From the line containing "you know, teachers" to the line containing "Extracted RNA sits" in the entries below, reproduce every line exactly, ends included. Nothing else belongs in the copy, and no pictures.

= Data for review =

►

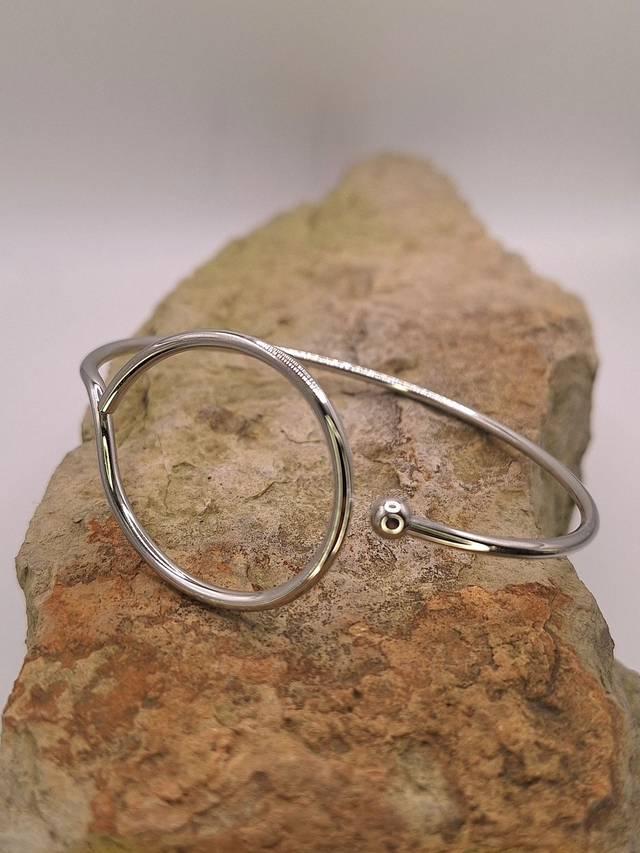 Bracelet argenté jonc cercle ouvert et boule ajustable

◄
►

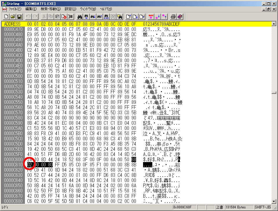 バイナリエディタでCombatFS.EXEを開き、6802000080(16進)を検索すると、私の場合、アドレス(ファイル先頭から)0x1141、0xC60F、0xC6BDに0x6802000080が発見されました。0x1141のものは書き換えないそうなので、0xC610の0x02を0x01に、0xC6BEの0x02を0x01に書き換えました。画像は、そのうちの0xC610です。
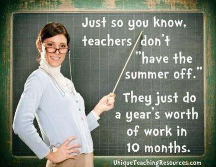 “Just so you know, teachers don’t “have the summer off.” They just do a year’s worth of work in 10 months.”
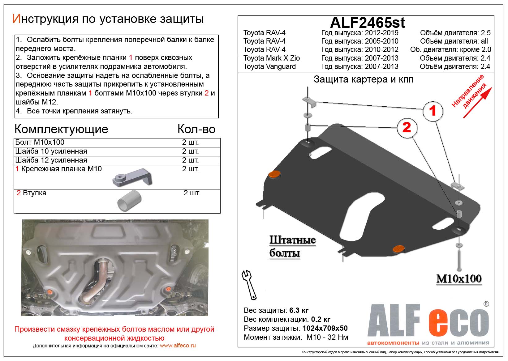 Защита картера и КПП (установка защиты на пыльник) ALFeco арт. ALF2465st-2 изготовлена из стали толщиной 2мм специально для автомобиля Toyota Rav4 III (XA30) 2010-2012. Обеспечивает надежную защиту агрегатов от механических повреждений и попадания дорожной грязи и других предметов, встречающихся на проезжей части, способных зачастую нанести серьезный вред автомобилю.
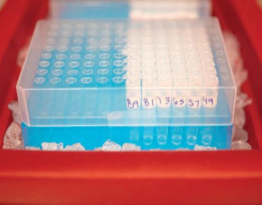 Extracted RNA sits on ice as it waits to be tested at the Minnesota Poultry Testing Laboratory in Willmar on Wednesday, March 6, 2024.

◄

= Completed task =
 “Just so you know, teachers don’t “have the summer off.” They just do a year’s worth of work in 10 months.”
 Защита картера и КПП (установка защиты на пыльник) ALFeco арт. ALF2465st-2 изготовлена из стали толщиной 2мм специально для автомобиля Toyota Rav4 III (XA30) 2010-2012. Обеспечивает надежную защиту агрегатов от механических повреждений и попадания дорожной грязи и других предметов, встречающихся на проезжей части, способных зачастую нанести серьезный вред автомобилю.
 Extracted RNA sits on ice as it waits to be tested at the Minnesota Poultry Testing Laboratory in Willmar on Wednesday, March 6, 2024.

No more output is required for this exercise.